Par le biais d’un personnage féminin fort (pour ne pas dire vorace tant la partition de Tony Leung devient presque secondaire, comme si sa carrure ne servait que de figure de mage en observation constante), The Grandmaster figure l’impossible émancipation féminine. Pour simplifier à l’extrême, Gong Er est la fille du grand maitre, l’héritière naturelle. Mais elle est une femme, donc marginale. Pourtant, elle se bat pour l’honneur d’un père. Sa vie ne sera faite que de renoncements, de combats où elle ne peut qu’y perdre (sa vie ou son honneur). Mais elle va au bout. Dans un jeu de danses amoureuses avec Ip Man, elle renonce à sa condition de femme à marier, accepte la flatterie pour mieux la dépasser. Le jeu sur la mélancolie si chère à WKW ne serait rien ici sans le regret. Gong Er trace sa route, puis tout à coup, elle est rattrapée par ce regret. La mélancolie peut alors la dévorer. La vie devient trop dure. Elle se réfugie dans une fumerie d’opium. Le film cite explicitement Il était une fois en Amérique. La musique, réarrangée, est celle de Deborah. Puis, presque plan par plan, on voit la fuite dans les ténèbres de Gong Er avec le même calme que Noodle. Un corps se penche pour allumer le calumet, puis un raccord en forte plongée se pose sur un visage déjà parti vers d’autres contrées.
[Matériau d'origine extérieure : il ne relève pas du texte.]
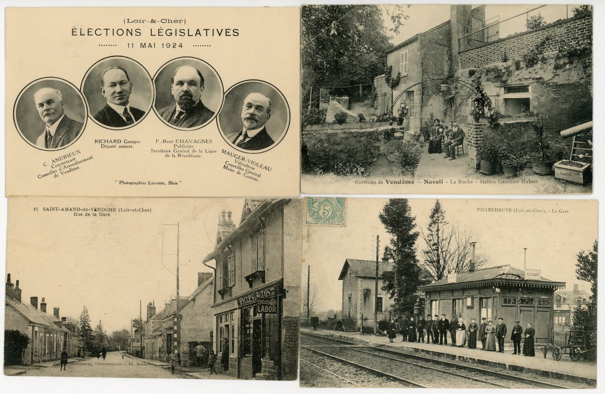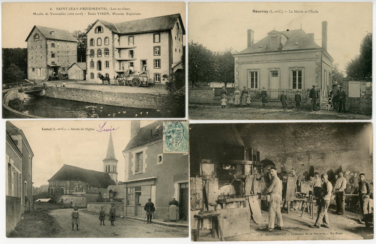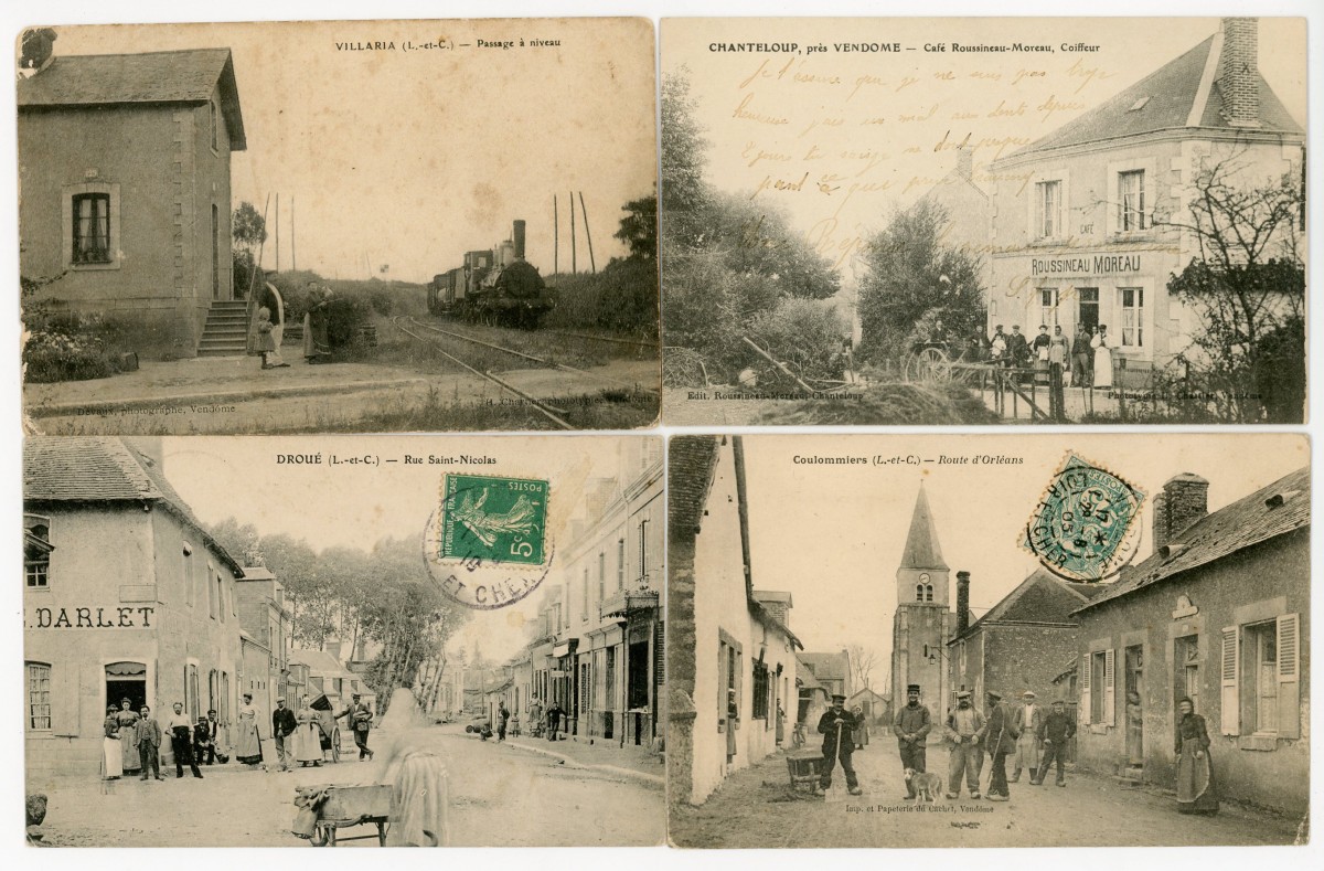 [LOIR-et-CHER] Vendômois : env. 340 cartes postales anciennes et cpsm : villes, villages, rues, animations, châteaux, églises, écoles, gares, etc. Qqs multiples.
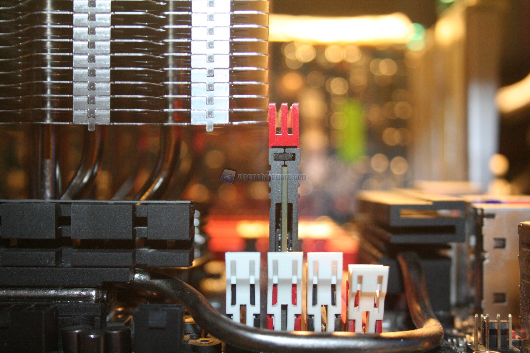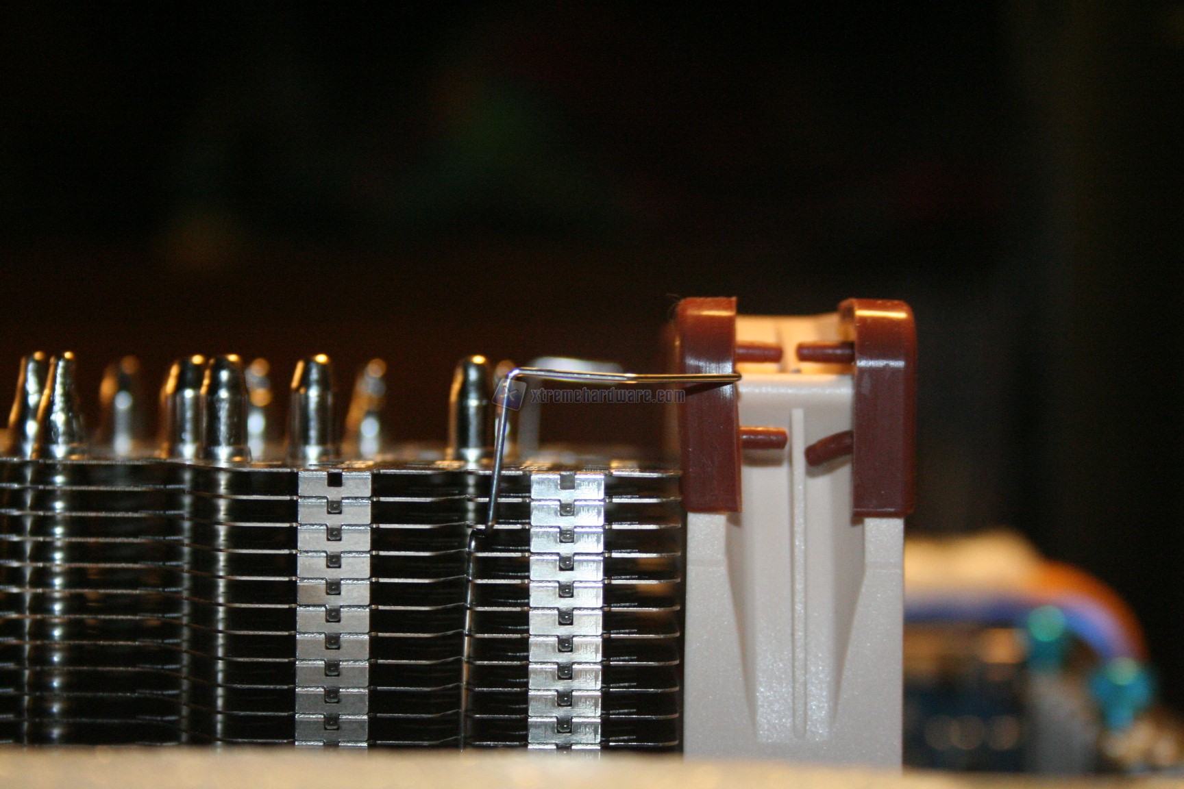 Nel caso del socket 1366 invece sarà necessario installare prima il sistema di aggancio del backplate e poi apporre quest’ultimo nella parte posteriore della scheda madre, facendo attenzione a far combaciare i pioli verticali posteriormente, negli incavi. Fatto questo, si devono installare i quattro distanziatori neri sui pioli precedentemente menzionati, poi apporre le due placche di ritenzione, fissarle con i quattro dadi, stendere un sottile velo di pasta termoconduttiva (consigliamo di farlo all’inizio, per agevolare la procedura), ed infine montare il dissipatore e serrare le viti. Fatto questo, abbiamo quasi completato l’opera, mancherà infatti l’installazione della ventola anteriormente e la connessione del suo connettore di alimentazione.

La dimension leonienne de The Grandmaster parcours tout le film. Il s’attache à retranscrire le parfum d’un monde, en traversant une partie du XXe siècle. Ip Man suit une voix à la fois limpide et obscure. Celle de grand maitre choisi par ses pairs, celui de résistant de l’ombre face aux japonais, celui de modeste professeur qui formera Bruce Lee. Il ressemble au grand sage sur sa colline. Là encore, l’aspect patchwork du film détourne le piège de la chronique banale d’un maitre des arts martiaux.
C’est un peu l’anti- Tsui Hark. Plus qu’un territoire de jeu, le combat est un instant de ballet à part entière. Offrant une forme impressionniste à l’ensemble, WKW monte ces duels comme des scènes de séductions. On est dans la sérénade indienne, dans la ronde traditionnelle irlandaise, dans l’approche de drague en boite. Un pas qui glisse, puis un saut, un coup qui fuse, le mobilier qui vole. L’amour et la violence disait justement Sébastien Tellier, c’est de cela qu’il s’agit. Même entre ennemis, le contact du corps est fétichisé. Pour ne pas se prendre un coup, il faut parer. En jouant sur les ralentis, les gros plans, les longues focales et les pluies incessantes, WKW fait de chaque confrontation un jeu d’obstacles gourmand mais dangereux. La peinture qu’il fait est en mouvement. Il fige le moins possible mais ralentit suffisamment pour donner à contempler. Finalement, The Grandmaster, c’est une romance inachevée, celle de l’amour de son quartier, d’un mode de vie, de corps que l’on désire combattre. Car combattre, c’est déjà s’unir dans une sorte de jouissance masochiste.